> **What this task involves**:
Only the lines from the one that includes "Az oldalak arany" through the last line below belong in the reply, copied exactly and without pictures.

> **Recorded information**:
+ + + +

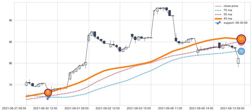 ➢ 发现最优均线组合: 45 , 55 , 70
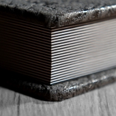 Az oldalak arany és ezüst bevonatát kizárólag kézzel készítjük 23 karátos arany és valódi ezüst segitségével
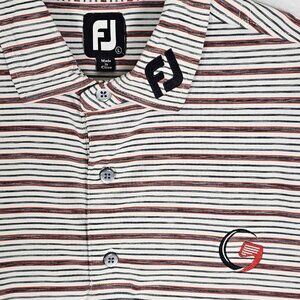FootJoy FJ Polo Shirt Men Large Tour Issue Golf Logo Striped Read. Some waviness in the fabric on the collar, pictured. And some wear to the back tag. Otherwise, in good Pre-owned condition. Care tag has been removedPlease see All photos. Price Reflects condition.

+ + + +

> **Solved problem**:
 Az oldalak arany és ezüst bevonatát kizárólag kézzel készítjük 23 karátos arany és valódi ezüst segitségével
FootJoy FJ Polo Shirt Men Large Tour Issue Golf Logo Striped Read. Some waviness in the fabric on the collar, pictured. And some wear to the back tag. Otherwise, in good Pre-owned condition. Care tag has been removedPlease see All photos. Price Reflects condition.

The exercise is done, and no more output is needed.